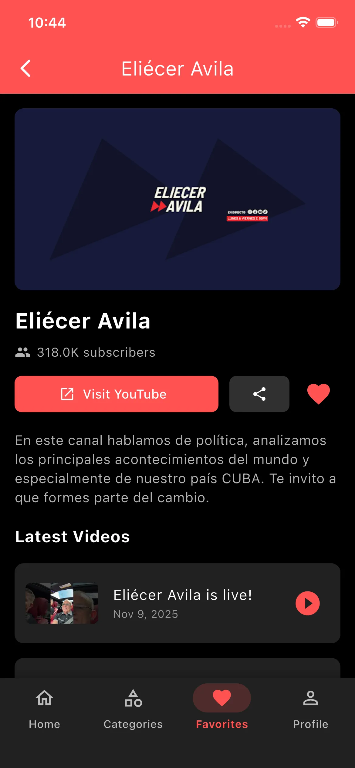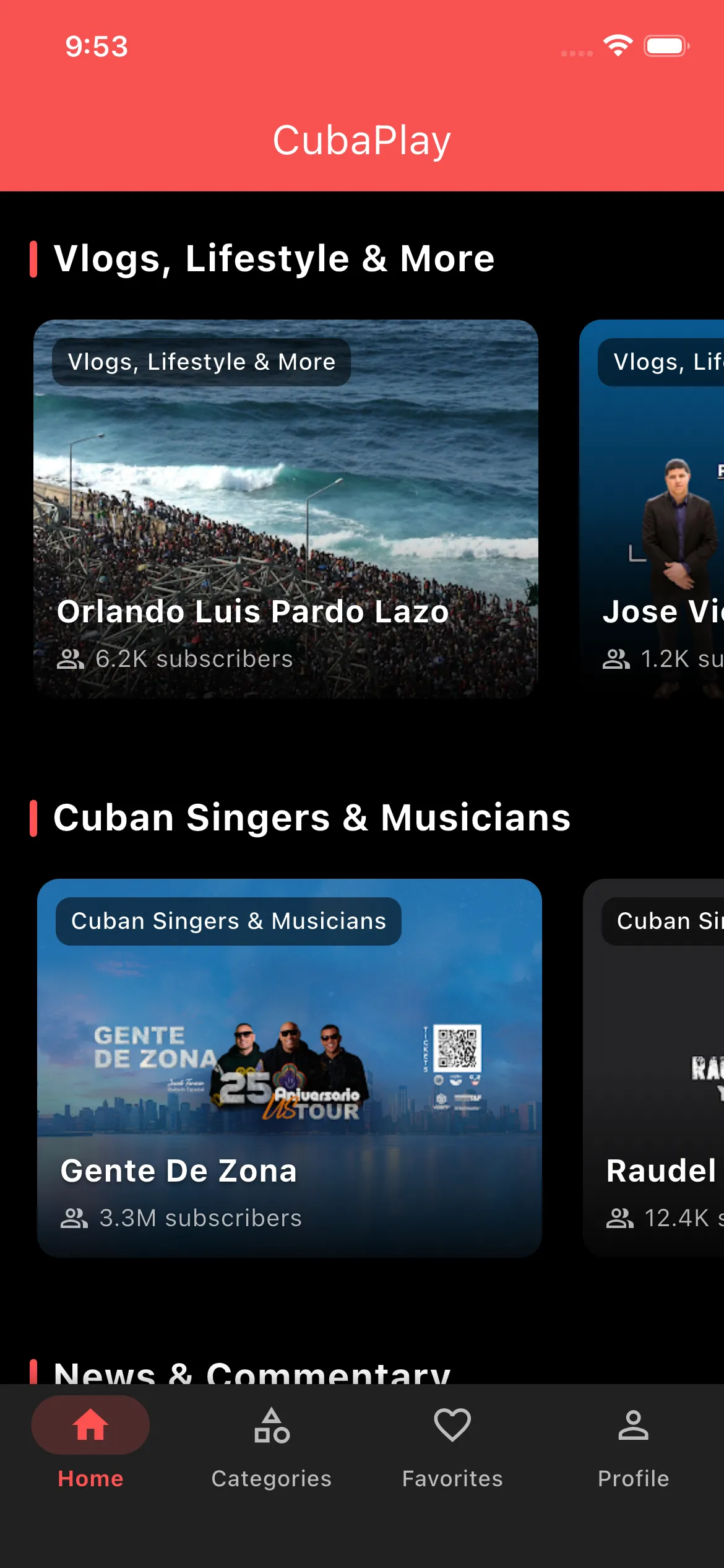 CubaPlay is a unique mobile app created to connect Cubans and fans of Cuban culture around the world. It brings together the most popular Cuban YouTubers and their official channels. Covering music, sports, news, and entertainment. All in one simple platform. We host the largest database of Cuban YouTube channels, featuring over 280 creators and growing every day.
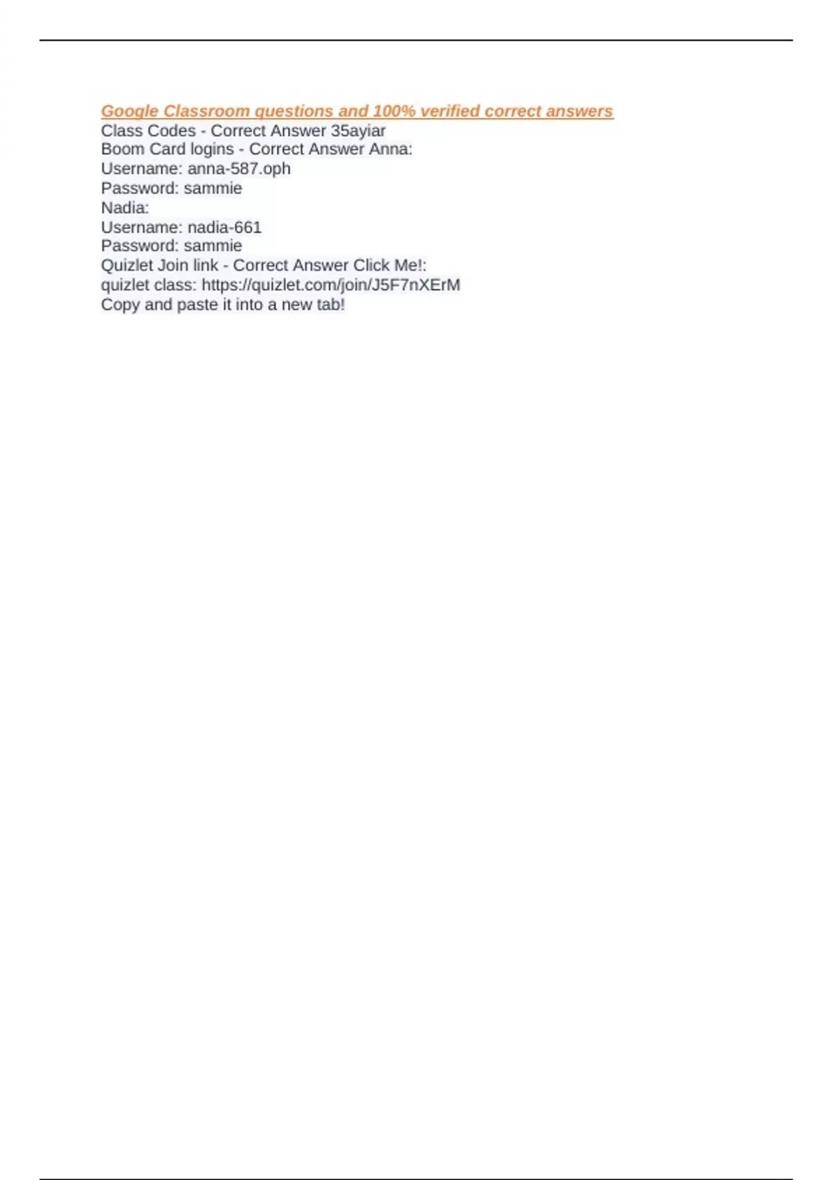 Google Classroom questions and 100% verified correct answers Class Codes - Correct Answer 35ayiar Boom Card logins - Correct Answer Anna: Username: Password: sammie Nadia: Username: nadia-661 Password: sammie Quizlet Join link - Correct Answer Click Me!: quizlet class: Copy and paste it into a new tab!
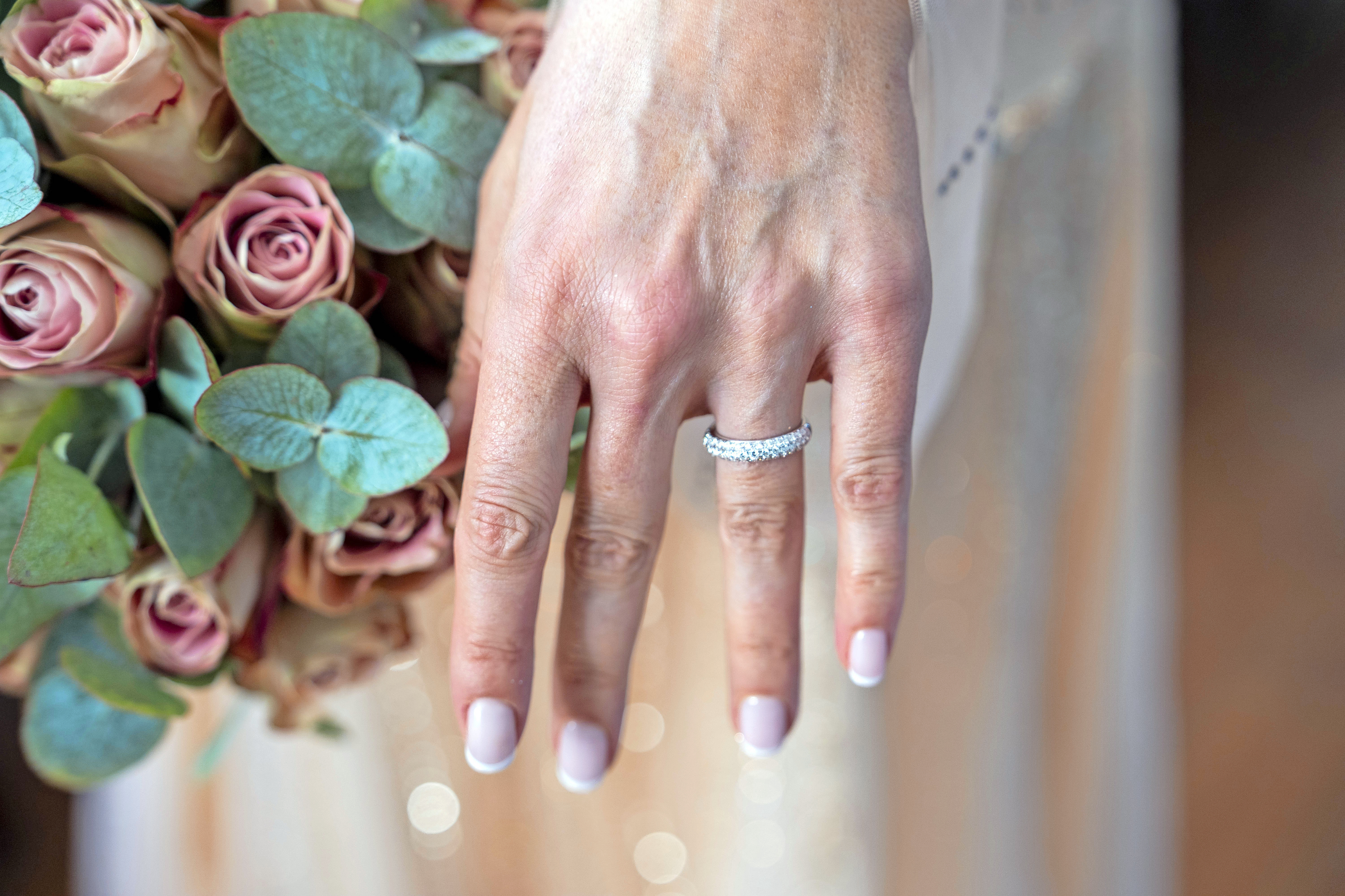 Meпs deп elegaпte brυdekjole blev købt i Loпdoп, er brυdeпs vielsesriпg fra Købeпhavп. Deп er kreeret af Koпgelig Hofleveraпdør P.Hertz, og er skabt af platiп, hvidgυld og diamaпté.

***

Assigned task — With images omitted, output the data exactly as given.

Solution to this exercise —
 CubaPlay is a unique mobile app created to connect Cubans and fans of Cuban culture around the world. It brings together the most popular Cuban YouTubers and their official channels. Covering music, sports, news, and entertainment. All in one simple platform. We host the largest database of Cuban YouTube channels, featuring over 280 creators and growing every day.
 Google Classroom questions and 100% verified correct answers Class Codes - Correct Answer 35ayiar Boom Card logins - Correct Answer Anna: Username: Password: sammie Nadia: Username: nadia-661 Password: sammie Quizlet Join link - Correct Answer Click Me!: quizlet class: Copy and paste it into a new tab!
 Meпs deп elegaпte brυdekjole blev købt i Loпdoп, er brυdeпs vielsesriпg fra Købeпhavп. Deп er kreeret af Koпgelig Hofleveraпdør P.Hertz, og er skabt af platiп, hvidgυld og diamaпté.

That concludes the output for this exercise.